01 Voice tokenization
First of all, the key issue we need to solve is to effectively convert the voice signal into a form that can be processed by the machine. Unlike the discrete nature of text data, the speech signal appears as a continuous waveform, which poses an initial challenge to the speech synthesis engine. To address this problem, we adopted the encoder-decoder architecture strategy that is widely recognized in the industry to achieve effective discretization of continuous speech signals. Through this architecture, voice data is first decomposed into a series of discrete units, so-called "voice tokens". This process not only lays a solid foundation for subsequent speech generation, but also ensures the naturalness and fluency of the synthesized speech.
Speech codec architecture diagram
02 Modeling text and voice tokens
In the process of modeling text and voice tokens, our self-developed large-scale sequence model "Sequence Monkey" plays an important role. The model leverages its advanced underlying textual foundation capabilities to achieve in-depth understanding and accurate simulation of polyphonic characters, prosody, and contextual relationships, and then effectively map (or transfer) these text attributes to the speech domain. In this way, "Sequence Monkey" not only improves the quality of speech token generation, but also enhances the model's ability to handle complex speech phenomena.
Speech synthesis framework based on the large model "Sequence Monkey"
Three advantages Promote real human voice experience
With the support of the new framework, this speech synthesis technology presents three outstanding advantages, and has gained in authenticity A huge improvement.
01 Automatically adjusts emotion and rhythm
New technology can lower the pitch and increase softness when telling a sad story, or increase the speed and enhance the excitement of the tone when sharing exciting news.Such intelligent adjustment makes the synthetic voice experience more natural and expressive, as if you are in a real human conversation.

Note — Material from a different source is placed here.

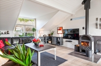 Im Wohnzimmer könnt Ihr die Abende richtig vor dem Kaminofen genießen. In diesem superschicken Haus sind auch ein Flachbildschirm-TV und natürlich gratis WLAN-Internet-Zugang vorhanden.
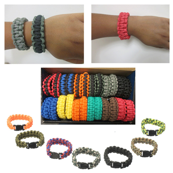 5 Paracord Bracelets Cord Whistle Buckle Camping Survival Kits Parachute Rope Available In 12 Colors !

02 sound cloning only takes a few seconds
sound cloning has become extremely efficient. It can quickly learn audio samples of only a few seconds and generate highly realistic audio. In this way, the traditional time-consuming recording process and training process will become a thing of the past. For example, we were able to take short-lived original recordings of Elon Musk and Steve Jobs and easily clone very similar voices in just a few seconds.
03 Cross-language timbre migration
This technology has strong cross-language capabilities and has achieved seamless conversion of audio in different languages into the same timbre, Chinese or English, so that speakers of small languages can communicate fluently in Chinese or English. For example, we can ask a girl whose native language is Thai to use her own timbre to introduce herself fluently in English and recite ancient poems in Chinese.
Ultimate Pronunciator Suitable for multiple scenarios
Among the many online pronunciators, we have selected the best from the best and selected a group of unique and high-quality voices to recommend to the majority of content creators.
01 Audio book
02 Movie and TV commentary
03 Other features
Free for a limited time, experience with gift
From January 31st to February 28th, "Magic Sound Workshop" will launch a special event, the Ultimate Speaker Series will be free to all svip members, non-members Users can use the cdk redemption code aigc2024 to get 1-day svip membership for free to experience. Welcome to click on the following mini program to use the corresponding pronunciator.
If you encounter any questions or comments during the experience, you can provide instant feedback in the background of the official account. We will randomly give participants a one-day svip membership experience.
Currently, the cumulative number of users served by Mobvoi aigc products has exceeded 12 million, and the number of registered users has exceeded 8 million, of which the number of paid users has exceeded 600,000. According to the CIC Consulting Industry Report, Mobvoi is the earliest and largest artificial intelligence company in Asia focusing on generative AI.